07 May 2008

A couple things

Two topics for today. Since the first deals with narcissism and one of my favorite topics -- me -- let's start with that.

I was reading someone else's poker blog recently and came upon an amazing bit of arrogance and condescension that I'm pretty sure was not intended in jest. Even knowing the individual involved has a very high opinion of his or her own poker skills, I was surprised to see such narcissistic thoughts actually written down for all the world to read.

I've always been one to lean toward self-deprecation, though usually also have a fair sense of where my talents and performance lie in the overall scheme of things.

A clever way to get where I intended to go with this is eluding me, so let me cut to the chase. I've played literally hundreds of thousands of hands, hundreds of tournaments, spent hundreds of hours playing live short-handed games with some pretty decent players (and a few not so decent players). I've seriously studied the game for three or four years now. When I say something about my skills being several levels above $0.01/$0.02 NL I hope it's taken as an honest evaluation and not arrogant bragging. I would hate to come off sounding like the blogger I mentioned above. And, no, I'm not naming names, so don't bother asking.

The other topic for today is rude behavior at the tables. I suppose it's a bit of a pet peeve, but it drives me crazy when someone is consistently late in taking action when it's their turn. We all occasionally step away or get distracted and time out when it's our action. I'm not talking about taking 15 seconds to fold pre-flop once an hour. I'm talking about when you look at the chat window and see nothing but "so-and-so has 15 seconds to act".

There was a player at my table for a fortunately brief period of time last night who was like this. I've seen him before and knew what to expect as soon as he sat down. Last night, though, I decided to check if he was simply not paying attention or was playing too many tables. A quick search showed him sitting at ten different tables. Ten.

I know there are players who can actually handle playing ten tables at once. If you have tables consistently beeping at you because you have just a few seconds left before your action times out, you aren't one of these players.

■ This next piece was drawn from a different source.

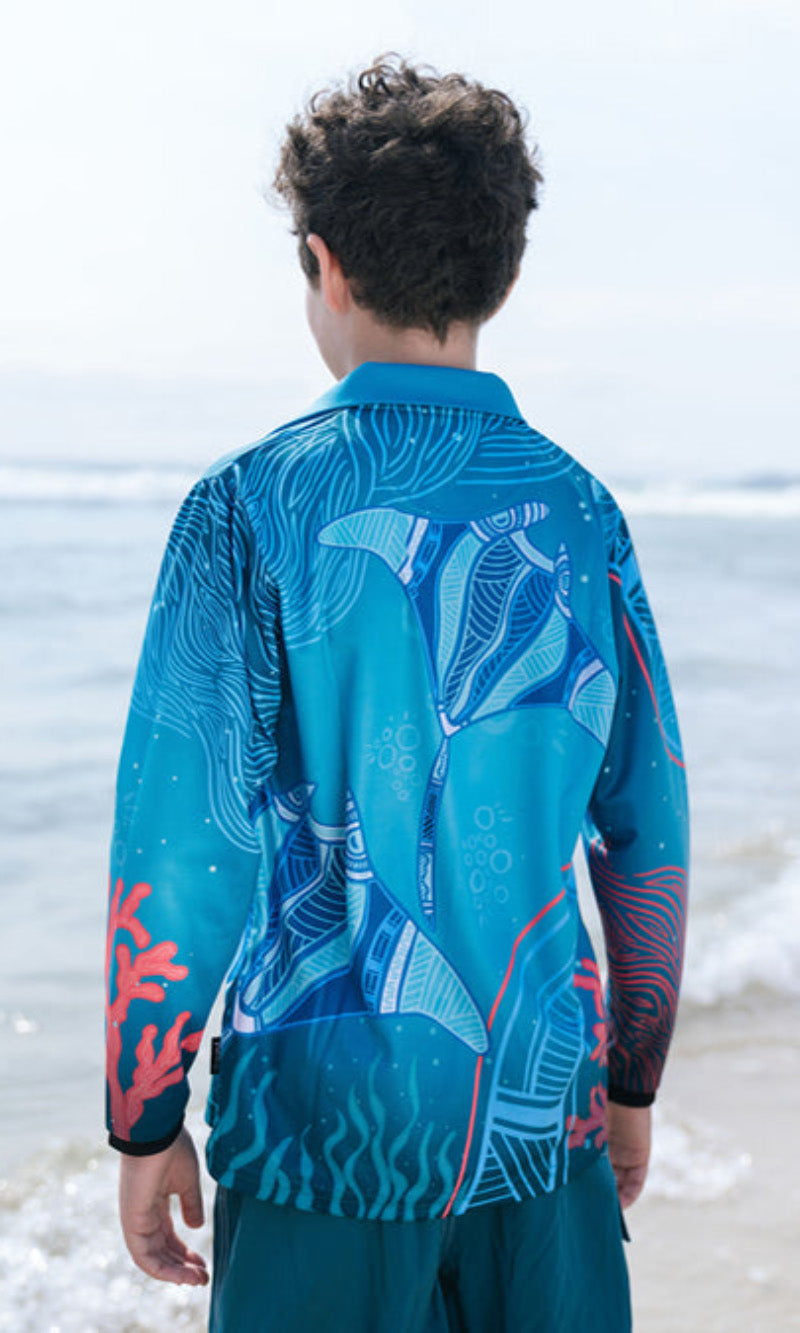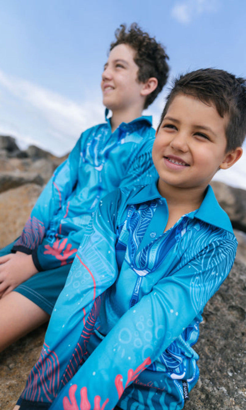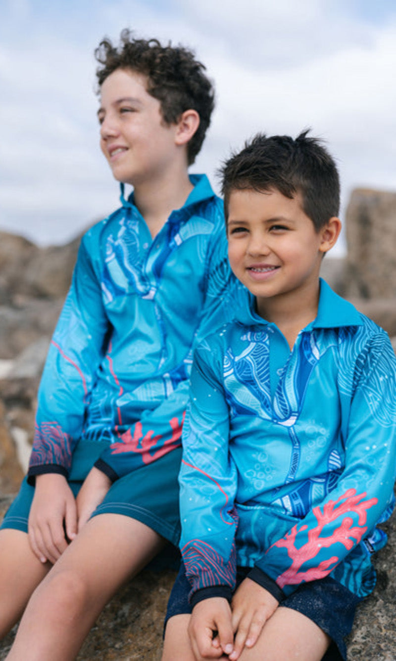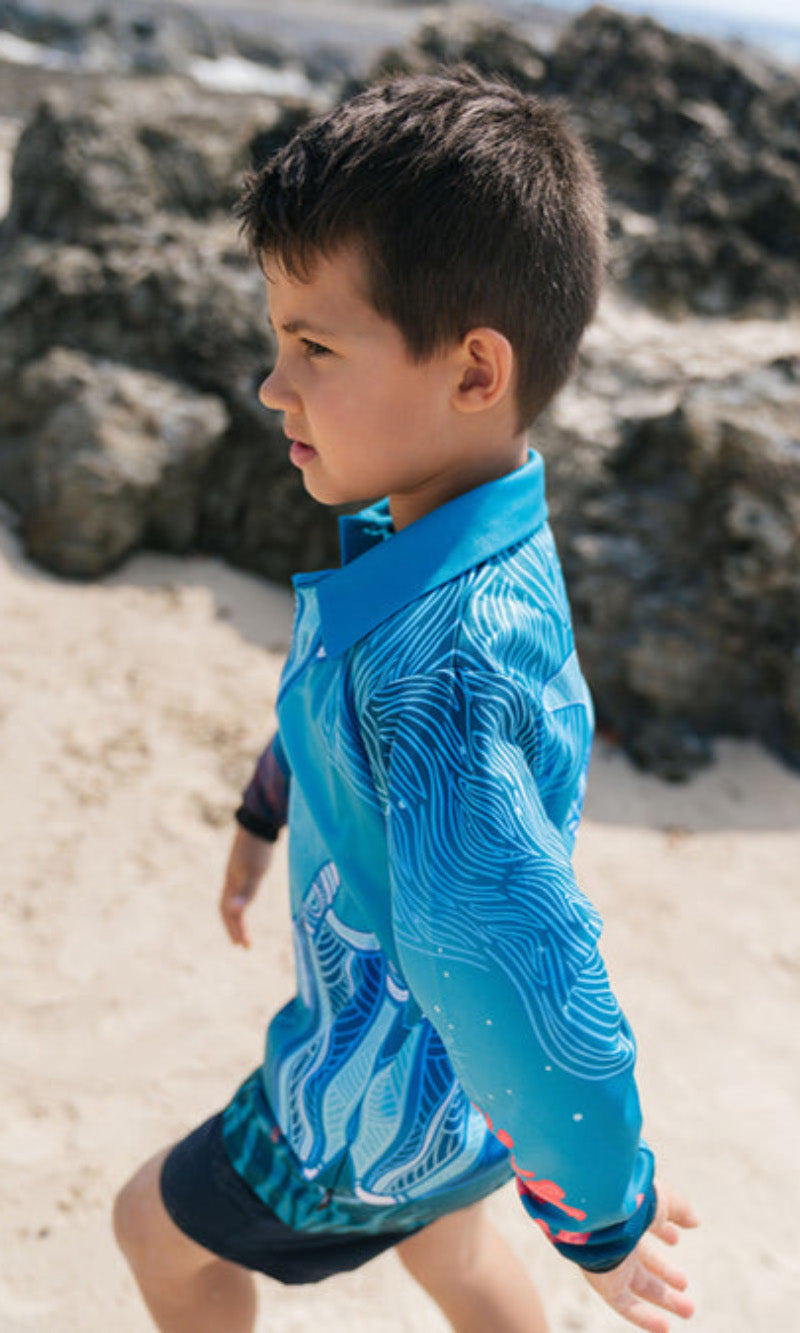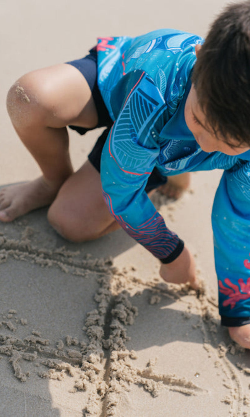 Aboriginal Art Kids Unisex Long Sleeve Meermay Stingray Journey

I also have to question why anyone would want to play ten tables of $0.01/$0.02 NL. I've lately been inclined to try playing two or three tables just to keep boredom from setting in while waiting for others to act. But I fail to see any reason to play ten tables at this level.

If you're interested in making money, $0.01/$0.02 isn't the place.

Honing your skills against players at this level is a bit like using room temperature butter to sharpen a knife. Yes, everybody has to start somewhere, and there is something for beginners to learn at this level, but playing ten tables at once is not a typical mark of a beginner.

So what I see it coming down to is a rather futile activity that accomplishes little other than to be rude to other players, consistently slowing their game down because you think you're being cool by playing so many tables.

The poker sites should monitor this activity and not allow additional tables to be opened if you are consistently delaying play at the tables you're already playing.

On a more mundane note, The Quest did not go well last night. I made a stupid move against a player who had time and again demonstrated his inability to fold. At least this time it was me doing the pushing and not me stupidly responding to a push. After moving to another table the cards dried up so I didn't get much of a chance to make up what my stupidity had lost.

One thing I've learned about play at this level is that many of the players can not be bluffed out of a hand. If they have as little as an overcard, many of them will call any bet. Bluffing, unless you have a good read on the players involved, is usually just a way to lose a lot of chips. If you're not getting the cards, the best thing is to take the small lumps and wait out the cards. Better to lose a quarter of your buy-in to blinds and cheap false starts than to lose several buy-ins on bluffs against the unbluffable.